[HN Gopher] The FTC's new enforcement weapon: "Algorithmic destr...
___________________________________________________________________
The FTC's new enforcement weapon: "Algorithmic destruction"
Author : simonebrunozzi
Score : 94 points
Date : 2022-03-17 15:29 UTC (7 hours ago)
(HTM) web link (www.protocol.com)
(TXT) w3m dump (www.protocol.com)
| tomc1985 wrote:
| Good, I hope they tear through this data-mining-gold-rush and set
| us back 1000 years, and I hope all the wantrepreneurs trying to
| exploit all of us with this data bullshit end up homeless and
| poor.
|
| I am not a data point, I do not want to be a data point, and I do
| not want products and services to interact with me as if I was.
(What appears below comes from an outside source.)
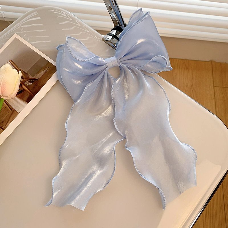 papasgix Hair Bow Clips for Women, Hair Ribbons Big Hair Bow Clips Solid Color Long Silk Ribbon Bow Hair Clip Silk Hair Bows Ribbon for Women Girls (1, Blue)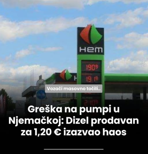 U njemačkom gradu Bünde dogodio se nesvakidašnji incident koji je tokom jedne noći izazvao veliku pomutnju među vozačima. Na jednoj benzinskoj pumpi došlo je do greške prilikom prikaza cijena goriva, pa je dizel nakratko bio prodavan za samo 1,20 eura po litri, što je znatno manje od uobičajenih cijena koje u Njemačka trenutno prelaze 2 eura.

| We humans are superior at curation, discovery, and anticipating
| our needs. Not AI.
| BurningFrog wrote:
| If AI is inferior, there is no need to ban it. Pick a side!
| sodkmfkwegw wrote:
| That's the same argument as :
|
| If nuclear weapons are superior to all weapons, no need to
| ban them!!
| andreilys wrote:
| _We humans are superior at curation, discovery, and
| anticipating our needs._
|
| Depends, I would prefer reco Algos be open source and I can
| plug in different ones.
|
| Trying to make sense of the mass of data without a personalized
| recommendation engine is a fools errand.
| hi_im_miles wrote:
| We basically need a curation protocol.
| yummypaint wrote:
| This is the field of library science
| tenebrisalietum wrote:
| all we need is grep for audio and video and I'm good.
| prometheus76 wrote:
| Related: there are a few channels on youtube that I archive
| locally, and I always grab the subtitles when I do. I throw
| them all into a database that I can run queries against if
| I'm trying to remember which video something was said in.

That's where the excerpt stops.